Tim Bridgewater Wins!
(The Wall Street Journal) – Overthrow a Sign of Tea-Party Clout
Republican officials sought to unify the party after Saturday’s tea-party driven ouster of three-term Utah Sen. Robert Bennett.
Mr. Bennett became the year’s first victim of the anti-incumbent fervor sweeping through the Republican Party when he lost his bid for his party’s nomination at a state GOP convention here. GOP activists blasted him as a Washington insider who had lost touch with Utah’s conservative ideals and will instead nominate a tea party-backed populist candidate who promises to reduce the scope of the federal government.
The GOP candidate hasn’t yet been chosen, but it will be one of Mr. Bennett’s two challengers, businessman Tim Bridgewater and lawyer Mike Lee, both favored by the tea party and who will face off in a June 22 primary. The winner will be favored to win the general election in this heavily Republican state.
Mr. Bennett has missed the filing deadline to run as an independent contestant, but he can run as a write-in candidate. In congratulating his two opponents he appeared not to be favoring that option, and a Bennett spokeswoman on Sunday said a write-in campaign was unlikely.
Following the loss, Sen. John Cornyn of Texas, also chairman of the National Republican Senatorial Committee, issued a statement saying the committee would “wholeheartedly support the Republican candidate that primary voters in Utah ultimately choose as their nominee.” Other GOP senators such as Jim DeMint of South Carolina went so far as to endorse Mr. Lee in the Utah primary.
The rush to embrace a likely tea-party backed candidate in Utah show how Republican politicians are increasingly having to pay attention to the clout of the movement. As several other states prepare to hold primaries in coming weeks, the Bennett race offers an early gauge of the tea party’s power, though Utah’s voting peculiarities make the measure imprecise.
Favorites of the Republican establishment, such as Sen. John McCain of Arizona and Senate candidate Trey Grayson of Kentucky, face intra-party challenges and questions about their conservatism from the tea party.
Former New York Mayor Rudy Giuliani said on ABC’s “This Week” Sunday that the tea party was pushing GOP candidates back to the party’s core principles. “We need Republicans who are ideologically committed to standing up against that,” Mr. Giuliani said of President Barack Obama’s agenda, “and really moving us in a different direction. I think that’s what you see going on with the tea party movement.”
Democratic National Committee Chairman Tim Kaine said the ouster shows the GOP has “handed the reigns to the tea party,” which would see Sen. Bennett as “too liberal, just goes to show how extreme the tea party is.”

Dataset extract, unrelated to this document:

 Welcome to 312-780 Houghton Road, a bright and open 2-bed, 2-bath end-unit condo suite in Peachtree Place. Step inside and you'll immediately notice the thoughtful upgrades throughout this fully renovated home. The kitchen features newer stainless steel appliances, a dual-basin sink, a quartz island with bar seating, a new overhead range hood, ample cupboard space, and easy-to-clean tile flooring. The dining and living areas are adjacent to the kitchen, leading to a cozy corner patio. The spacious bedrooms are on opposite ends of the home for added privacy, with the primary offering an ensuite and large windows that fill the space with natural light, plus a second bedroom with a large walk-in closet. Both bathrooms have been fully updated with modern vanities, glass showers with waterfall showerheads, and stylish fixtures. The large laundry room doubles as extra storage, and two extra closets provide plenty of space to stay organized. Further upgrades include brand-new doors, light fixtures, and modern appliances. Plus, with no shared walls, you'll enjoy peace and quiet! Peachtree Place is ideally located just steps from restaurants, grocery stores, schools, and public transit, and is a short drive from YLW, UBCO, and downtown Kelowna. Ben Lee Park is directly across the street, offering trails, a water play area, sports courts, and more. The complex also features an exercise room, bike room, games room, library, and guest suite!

In an interview Thursday before he lost his nomination bid, Mr. Bennett said that while the tea party would benefit the GOP in some states, it might hurt them in others. As an example he cited Nevada, where both a Republican and a third-party candidate backed by the tea party are running against Democratic Senate Majority Leader Harry Reid. He said the two challengers could split the anti-Reid vote and give the senator another term.

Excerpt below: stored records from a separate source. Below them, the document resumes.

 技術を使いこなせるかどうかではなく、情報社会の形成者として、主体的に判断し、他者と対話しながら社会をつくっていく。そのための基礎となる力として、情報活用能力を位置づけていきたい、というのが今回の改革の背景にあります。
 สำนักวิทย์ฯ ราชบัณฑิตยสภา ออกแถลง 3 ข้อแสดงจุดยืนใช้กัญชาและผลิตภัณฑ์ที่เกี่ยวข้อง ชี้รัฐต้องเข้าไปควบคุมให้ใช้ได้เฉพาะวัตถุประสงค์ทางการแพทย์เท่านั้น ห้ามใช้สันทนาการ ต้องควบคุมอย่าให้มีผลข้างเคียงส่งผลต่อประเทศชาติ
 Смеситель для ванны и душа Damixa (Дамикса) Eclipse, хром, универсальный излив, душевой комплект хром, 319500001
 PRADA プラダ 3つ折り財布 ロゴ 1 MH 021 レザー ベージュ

Mr. Bennett’s defeat was stunning for several reasons. Sitting senators are rarely ousted in intra-party races before November elections. Mr. Bennett had been popular in Utah, winning his third term in 2004 with 69% of the vote. On top of that, he earned top grades from conservative advocacy groups.
The senator was ultimately felled because of questions over his conservatism. He voted for the 2008 bank rescue and co-authored a bipartisan health-care proposal that included a requirement for individuals to buy insurance. Utah’s unusual nominating system was another factor.
In Utah, candidates must secure the approval of their party’s delegates, who are more ideological than typical voters, before advancing to a primary election.
At Saturday’s state GOP convention, Mr. Bennett was ousted in the second of three rounds of delegate voting. He finished third out of three candidates, securing just 27% of the vote; only the two top vote-getters advanced to the primary election. The result’s announcement drew a roar from the crowd of 3,500 delegates.
“The political atmosphere, obviously, has been toxic and it’s very clear that some of the votes I have cast have added to the toxic environment,” a teary-eyed Mr. Bennett told reporters minutes after the vote. “Looking back on them … I wouldn’t have cast any of them any differently, even if I had known at the time they were going to cost me my career.”
Mr. Bennett lost despite appeals throughout the day. In a speech before the first vote, he had 2008 presidential candidate and Utah hero Mitt Romney introduce him. In a speech, he argued that his seniority in the Senate made him the best-suited candidate. “Don’t take a chance on a newcomer,” he said.
The senator’s arguments weren’t enough to woo delegates such as Carol Jeppson. “He’s voted for things that don’t feel as if it goes with the way our Utah people think,” said the 72-year-old retired nurse.